Looking for Buttons has received its first Amazon review.

Five stars.

If this self-publishing lark becomes any more exciting I'm going to have to lie down with a damp cloth on my forehead.

Thursday, 21 June 2012

Unaccustomed as I am to public speaking...

Looking for Buttons has been on sale for two days.  So far I've sold six copies, which might not sound like many but feels like a huge triumph.  That's six whole people who've looked at the cover, read the blurb and thought "Yeah, I'll give that a go, and what's more, I'll pay for the privilege."  I find that wildly exciting.  (It is true that I don't get out much.)

What's more, it's already taking on a life of its own, thanks to friends using Facebook and Twitter to spread the word.  Twinkle Mummy has been badgering members of her local twins club to buy it and Norfolkbookworm has blogged about it, not once but twice!  (Norfolkbookworm, I must confess, is not entirely impartial.  She's been a good friend for over twenty years, has been one of Looking for Buttons's staunchest supporters, and roped in her very talented dad to do the cover!)

While I'm handing out the laurels, I must thank the inspirational Lexi Revellian who has been so generous with advice and support.  Her books, including the best-selling Remix and Replica, are great reads and her writing blog is a goldmine of information for the aspiring self-publisher.
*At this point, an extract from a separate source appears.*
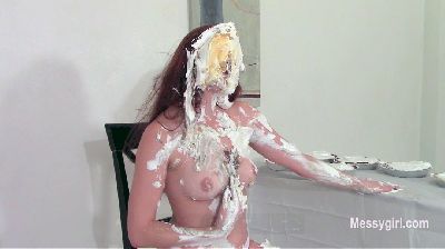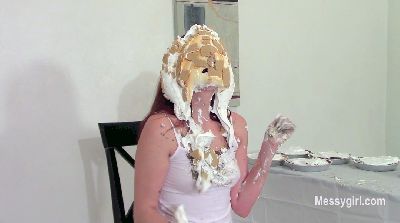Amber is trying to resist the temptation of smashing pies in her face. She holds a pie, but places it back on the table. Then she takes it again and smashes the pie in her face. This sets her off a continuing stream of pies to her face. She never wipes her face, so she blindly reaches for the pies on the table. She becomes aroused and strips nude so she can rub the pie slop on her tits. She even pies her pussy a few times. After she has been creamed with 20 plus pies, she takes a can of whipped cream and sprays it in her mouth. After her mouth is full, she lets the cream ooze out. She finishes herself off by grinding her slippery pussy on the chair. Lucky chair!

Lastly, I must thank my late aunt and uncle.  They gave me my first PC some years ago, thinking it would help me study.  I wrote a book on it instead.  This book.  They're not here to see it published but I hope they would be pleased.

Tuesday, 19 June 2012

Do your own drum roll, please

After an awful lot of staring at a screen and some Olympic-class procrastination, Looking for Buttons has finally hit the bookshelves!  Well, virtually.
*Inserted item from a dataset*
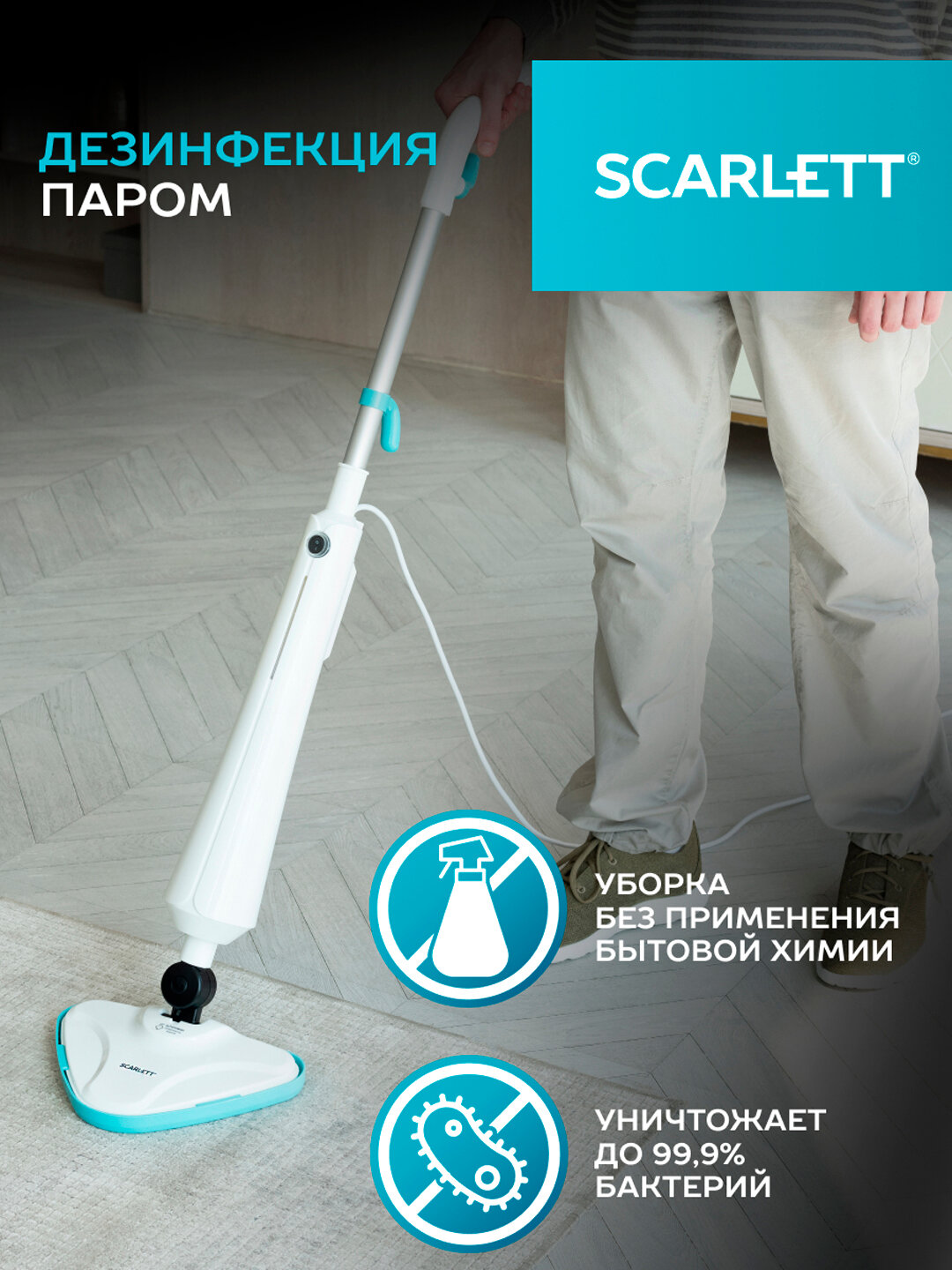 10 цен на Швабра паровая Scarlett SC-STCV67 с нагревом до 25 сек

Looking for Buttons - a comedy for the romantically hopeless

Monday, 12 September 2011

Busy doing, well, a little more than nothing

There isn't a great deal of progress to report.  I've scrapped the initial attempt at an e-book cover image, mainly because it made Looking For Buttons look like a seventies bonkbuster.  I can only think that most of what passes for my creative brain was tied up in 1978 working on the thriller when I did it.
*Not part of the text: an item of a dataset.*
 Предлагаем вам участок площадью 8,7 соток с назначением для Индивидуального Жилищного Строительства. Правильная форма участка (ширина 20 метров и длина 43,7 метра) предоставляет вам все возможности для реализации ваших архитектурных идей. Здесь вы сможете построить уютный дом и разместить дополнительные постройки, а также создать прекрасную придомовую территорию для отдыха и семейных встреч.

Otherwise it's been business as usual:  tweaking the text after Norfolk Bookworm's feedback and submitting to another agent.  The thriller staggers on and the new romantic comedy is percolating nicely in the depths of my subconscious and should start to take shape on the page soon.

Right, can't hang around here all day.  I have to eavesdrop on some imaginary people and see if I can make a book out of it.

Thursday, 4 August 2011

And now, the Gallery

Yes, I know this blog is supposed to be about writing.  However, this sort of thing is supposed to be worth a thousand words, so hum the music from Take Hart as you view it.

 [IMAGE LATER REMOVED DUE TO SHEER AWFULNESS]

First attempt at the e-book cover image.